Engineers fear UK is at risk of falling behind in the CCS race

The UK is at risk of falling behind in the race to develop carbon capture and storage (CCS) technology, engineers warned today.

The Institution of Mechanical Engineers (IMechE), which is holding a two-day conference on CCS, released a statement blaming government hesitation and indecisiveness for endangering the UK’s bid to become a leader in the development and operation of CCS technology.

CCS is seen as crucial to decarbonising electricity production in order to avert climate change and an area where Britain can build a successful new sector exporting equipment and engineering expertise.

But the government has been criticised for the lack of a long-term energy policy to give investors confidence and had to restart its £1bn competition to stimulate development of the technology after all the participants pulled out.

Senior ministers are due to meet today to formulate a policy for dealing with the UK’s future energy demands and, according to a report in today’s Guardian, cutting funding for CCS demonstration projects is on the table in negotiations to secure money for renewable energy subsidies.

The IMechE’s head of energy and environment, Dr Tim Fox, said in a statement: ‘The UK is at risk of going from a world leader to an also-ran in the race towards CCS technology. Projects in Canada, Norway and China are now moving those countries ahead of the UK, while we are swiftly losing momentum.

‘The UK cannot meet its emission-reduction targets without CCS. This leaves the government with a choice. It can either let industry create a basic capability by itself, buying in expertise from abroad, or it can grasp the nettle, give CCS the public support it needs and help the UK become a world leader.

‘The government has been sitting on a £1bn fund, enough to kick-start development of CCS. Ministers are meeting today for yet more discussions on Britain’s energy future. It is time for them to stop delaying and get that funding urgently to the projects that show the most promise.’

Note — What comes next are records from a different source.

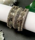 Add a touch of timeless elegance to your Navratri ensemble with this traditional silver oxidized bangle set. This bangles features exquisite craftsmanship, with intricate designs that reflect the rich heritage of Indian jewelry. The oxidized silver finish gives these bangles a classic, antique appeal, making them a perfect accessory to complement your festive attire. Whether paired with a saree, lehenga, or salwar kameez, these bangles are designed to enhance your ethnic look with grace and sophistication.
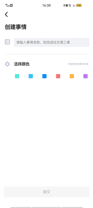 2、在清单界面点击清单名称下方的+号创建事情,然后选择相应的颜色,点击提交即可添加。
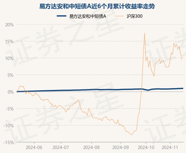 证券之星消息,11月15日,易方达安和中短债A最新单位净值为1.0696元,累计净值为1.1196元,较前一交易日上涨0.01%。历史数据显示该基金近1个月上涨0.23%,近3个月上涨0.35%,近6个月上涨0.94%,近1年上涨2.85%。该基金近6个月的累计收益率走势如下图:
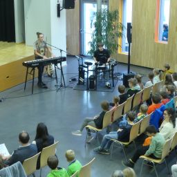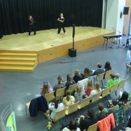 Nach der Begrüßung durch die Schulleiterin Frau Wiedmann, die mit rockigen Musikstücken der Schulband und einer Tanzeinlage untermalt wurde, teilte Konrektor Alexander Walker die Grundschüler in Gruppen ein und startete die Rallye offiziell.
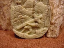 the carving is very detailed and the stone is polished like glass . This is made into a necklace but not limited to that as it could be a broach, it could even be bezeled in silver or gold.
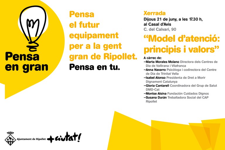 Continuant amb el procés participatiu "Pensa en gran", per tal de pensar en el futur equipament per a la gent gran de Ripollet, s'oferirà una xerrada aquest dijous, 21 de juny, a les 17.30 h, al Casal d'Avis (c. del Calvari), sota el títol "Model d'atenció: principis i valors".
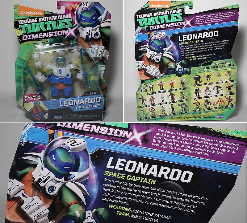 The turtles are back and are their popularity is sky high. And if the sky's the limit, these heroes in a half shelf are taking it up to space in a new batch of figures from Playmates Toys called Teenage Mutant Ninja Turtles Dimension X. In this story that kicks of Season 4, the four turtles: Leonardo, Donatello, Michelangelo, and Raphael team up with Fugitoid, a scientist brain stuck inside a cyborg's body, who supplies space suits and weapons. With his help, the Turtles track down the Triceratons to save planet Earth.
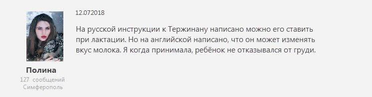 Четкого, однозначного ответа о возможности применения тержинана в период грудного кормления не существует. Все зависит от общего состояния пациентки, стадии заболевания и его сложности и ряда других факторов. Если есть вариант вылечить инфекцию либо инфекцию другими, более безопасными, методами, то стоит воспользоваться ими.
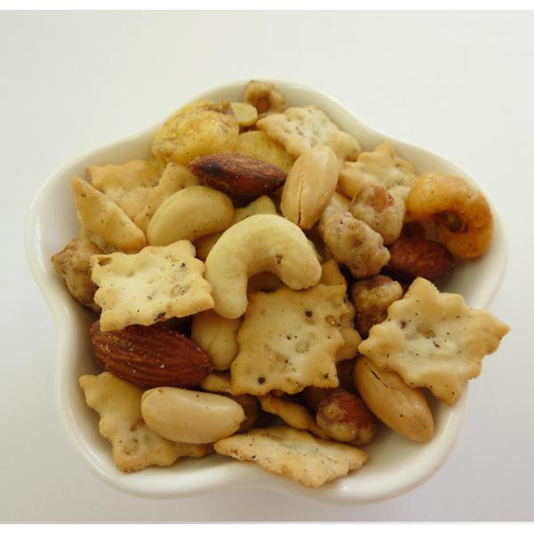 配合内容:ペッパージャイアントコーン(ペルー産)、ペッパーセサミ、マヨネーズピーナッツ(中国)、塩アーモンド(アメリカ産)、塩カシューナッツ(インド産)バターピーナッツ(中国)
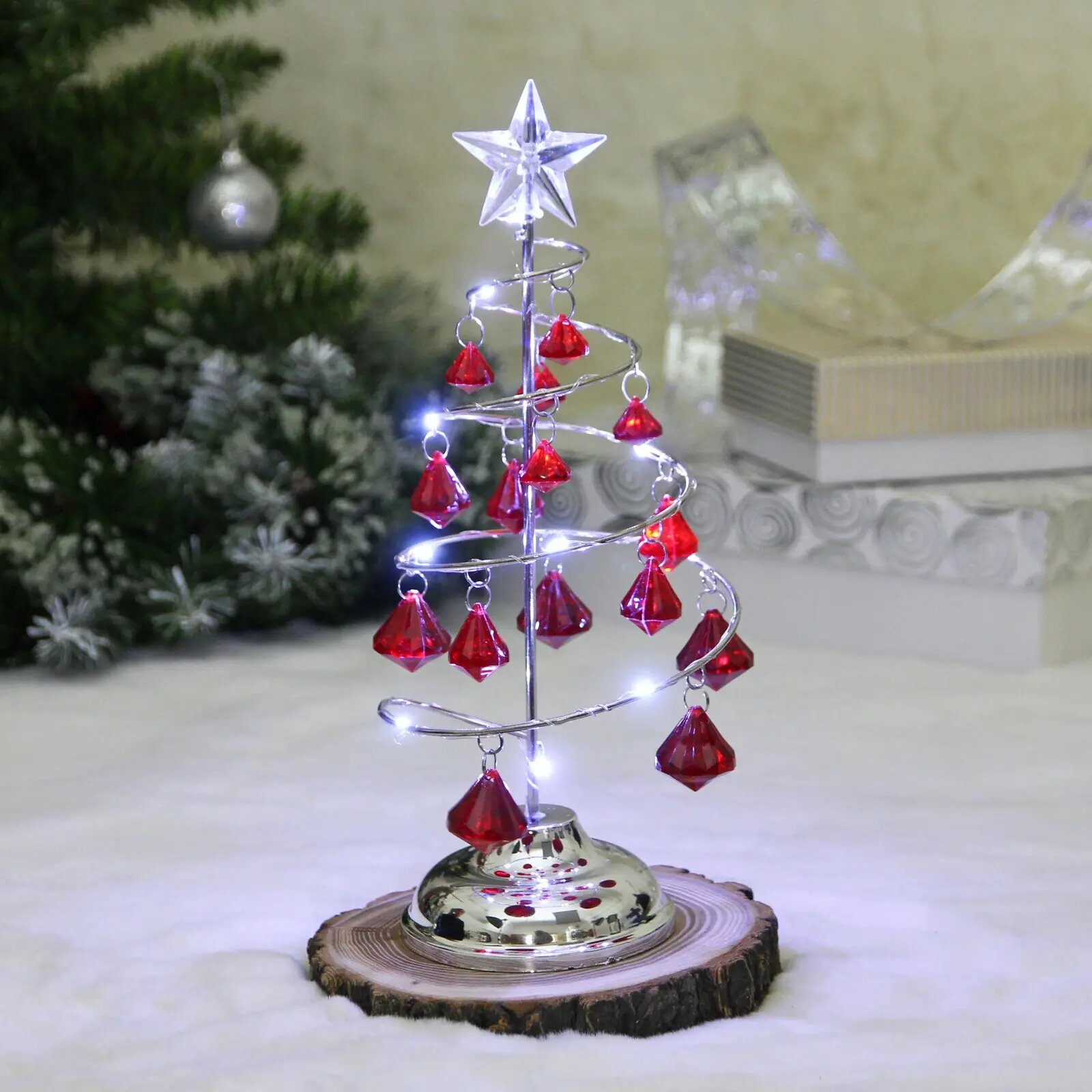 Купить Новогодняя елка «Елочка Хрустальная» с LED-подсветкой, 26 см, серебряное основание, красные акценты с доставкой по всей России.

The CCS competition was relaunched in April to open entry to a wider range of projects, including gas power stations and industrial plants. It closed for bids in July and competing operations will be required to be operational by 2020.

The Carbon Capture and Storage Association estimates that CCS could create 100,000 jobs across the UK by 2030, contributing £6.5bn to the UK’s economy.

The IMechE pointed out that if the UK is one of the first countries to develop CCS, the industry could be as big as the North Sea oil industry, taking a significant share of a £5tn global CCS business by 2050.